** PROBLEM DESCRIPTION **
Could you please output all of the data exactly, without the images?

[[ DATASET EXTRACT open ]]

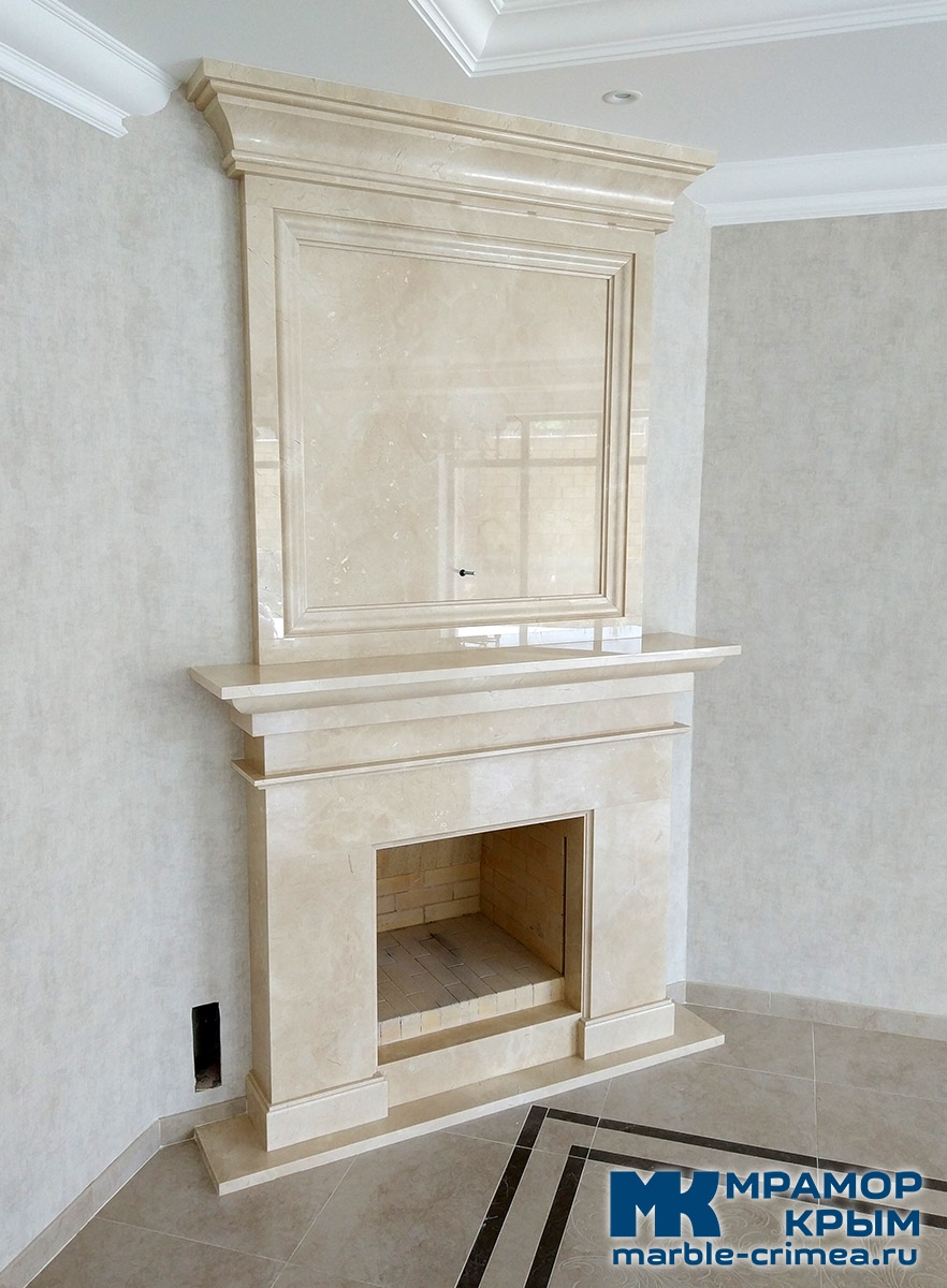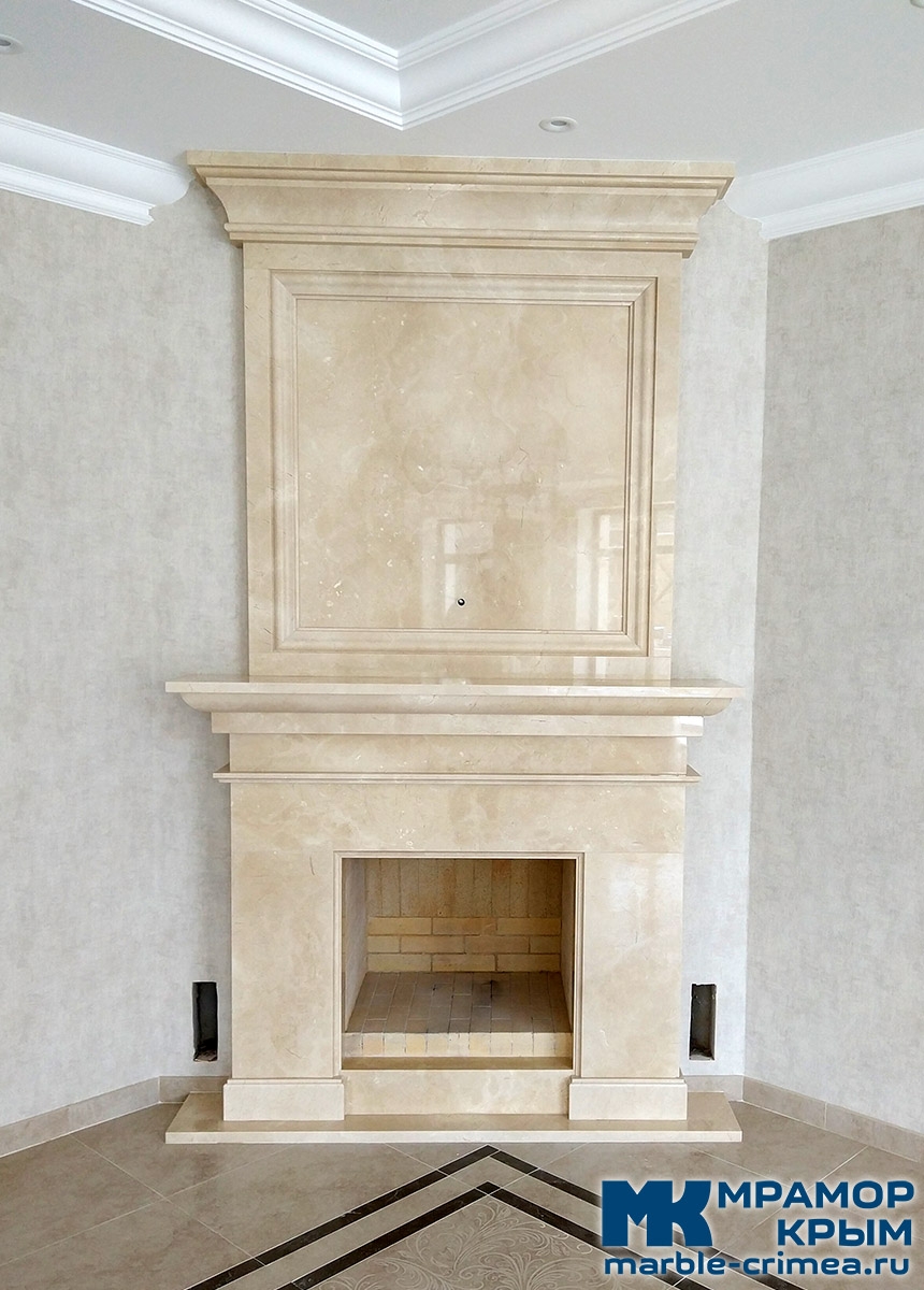 Портал для камина был полностью спроектирован и изготовлен специалистами компании Мрамор Крым.
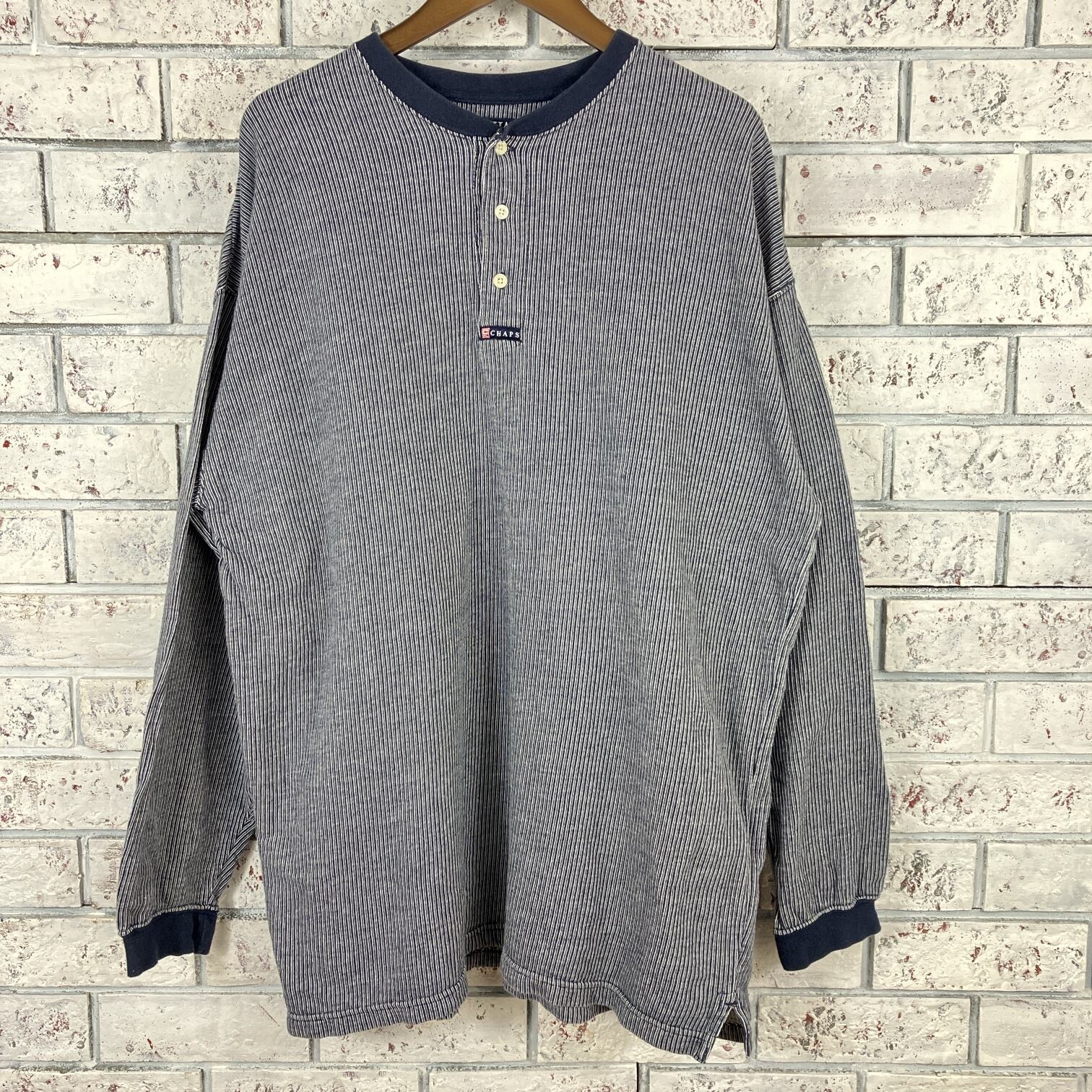 CHAPS RALPH LAUREN ストライプ ヘンリーネック ロングスリーブ Tシャツ L/S T-SHIRTS ネイビー
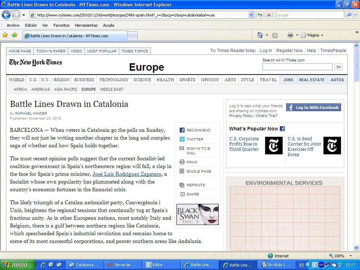 El periódico norteamericano 'The New York Times' advierte de los riesgos que supondría para toda España un gobierno de CiU presidido por Artur Mas.

[[ DATASET EXTRACT closed ]]

** RESPONSE TO THIS TASK **
 Портал для камина был полностью спроектирован и изготовлен специалистами компании Мрамор Крым.
 CHAPS RALPH LAUREN ストライプ ヘンリーネック ロングスリーブ Tシャツ L/S T-SHIRTS ネイビー
 El periódico norteamericano 'The New York Times' advierte de los riesgos que supondría para toda España un gobierno de CiU presidido por Artur Mas.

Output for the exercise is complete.